Uma coincidência salta aos olhos já nas duas capas, o fato de “transexual” aparecer tanto no subtítulo de Meu corpo, minha prisão quanto no texto de apresentação de Erro de pessoa: “O depoimento de um transexual brasileiro que, nascido mulher, finalmente se realizou como homem”. No entanto, a palavra vir acompanhada de artigo masculino em ambos os casos, ainda que Nery seja um homem trans e Ádreon uma mulher trans, é bastante indicativo da situação distinta em que cada um desses sujeitos podia enunciar a própria condição.
Nery foi pioneiro em pensar a transgeneridade e o direito de se afirmar não só trans, mas homem. É filho da classe média carioca, psicólogo de formação, com pai perseguido pela ditadura e convívio desde a infância com importantes intelectuais, razões que colaboraram para que ele travasse contato precoce com as recém-iniciadas discussões das ciências psi sobre questões trans e também com as cirurgias (à época clandestinas, ele uma das primeiras cobaias) que permitiriam a seu corpo ser lido como masculino.
Como reflexo dessa consciência, vemos a marcação de masculino presente não só na palavra “transexual”, mas também em “nascido mulher”, marcações que servem para afirmar que o gênero do indivíduo trans, a verdade sobre o que somos, deve ser definido não pela designação recebida ao nascer, mas por aquela através da qual nos reconhecemos. “Nascido mulher”, aliás, talvez se deva mais a uma decisão editorial, tentativa de explicitar o livro a um leitor com dificuldades em conceber outra forma de existir que não a cisgênera, do que ao discurso do próprio Nery, que na “Nota do autor” diz, para explicar o que é, “ter nascido homem, aprisionado num corpo de mulher”.

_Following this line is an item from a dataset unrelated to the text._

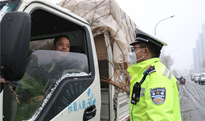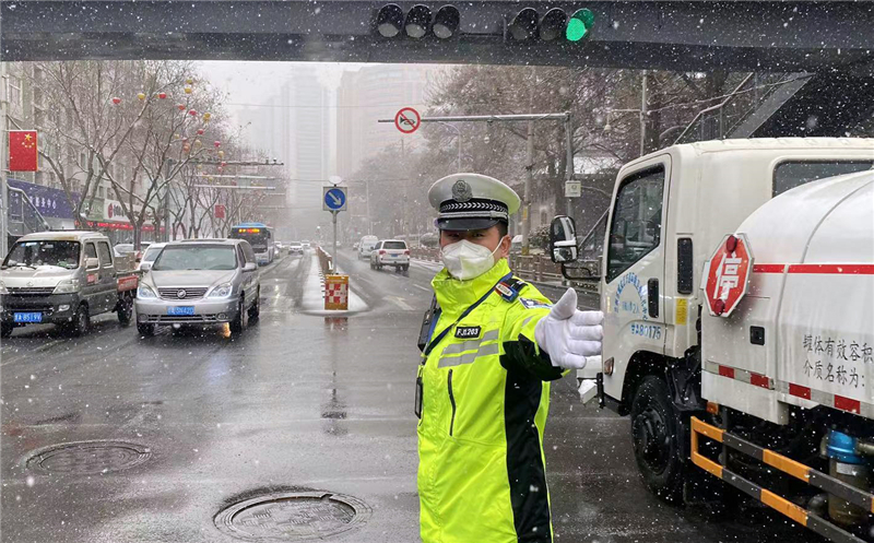 大隊領導實地查看道路通行情況,及時調(diào)整勤務模式和警力部署,確保降雪天氣各項安全“防控”措施落實到位。民輔警全員上路,強化重點路段巡邏管控和主要路口值守,對不具備通行條件車輛進行勸返或提示繞行。通過鳴笛、喊話、閃爍警燈等措施,提醒駕駛員裝配防滑鏈,減緩車速、保持安全車距、注意觀察路面通行情況,引導車輛和行人安全有序通行。

As narrativas capazes de explicar o que somos estavam começando a se inventar, mas ainda muito contaminadas pela perspectiva cisgênera, o que se percebe em “corpo de mulher” (ideia hoje tão criticada pelo movimento trans e pelo feminista), na ideia de nascer no corpo errado (forma de responsabilizar o corpo pelas violências que sofremos, não a sociedade), mas também na de “transexual feminino” que Nery, nessa mesma nota, usa para referir-se aos homens trans. Na republicação da obra em 2011, como Viagem solitária – memórias de um transexual 30 anos depois, o termo apresentado já na contracapa seria agora “transexual masculino” – o ponto de vista trans dando cada vez mais as caras na discussão.

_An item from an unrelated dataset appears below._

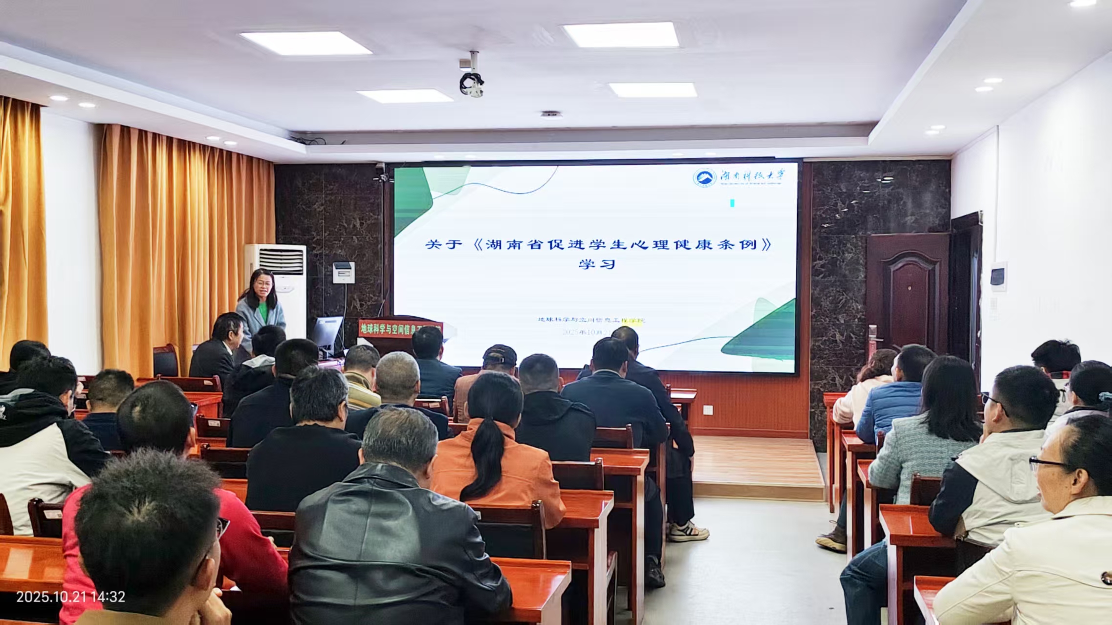为深入贯彻落实《湖南省促进学生心理健康条例》(以下简称《条例》)精神,全面提升教师心理健康教育能力,为学生筑牢心理防线,2025年10月21日下午,无码影片 (以下简称:无码影片 )组织全体教职工深入学习《条例》内容,明确职责使命,凝聚育人合力。

Loris Ádreon, por sua vez, teve mais elementos para pensar sua condição trans do que Herzer, a começar pelo fato de conhecer a palavra “transexual” e, por meio de notícias de jornal, a cirurgia pioneira feita por Christine Jorgensen. Mas acabou, como Herzer, vítima de um projeto editorial transfóbico, cissexista.
O primeiro ponto que chama a atenção é, já no prefácio, a pergunta feita por Rose Marie Muraro, organizadora do livro e pessoa que também teve papel decisivo na publicação de Herzer, para instigar Loris, à beira do suicídio, a escrever (p.5): “Por que em vez de se matar você não escreve sua história?” A pergunta é irresponsável e cruel por pressupor que se tratasse de uma simples questão de escolha, mas surtiu efeito, e é interessante ver o que leram nesse relato não só Muraro, mas as outras três figuras convidadas por ela para comentar a obra.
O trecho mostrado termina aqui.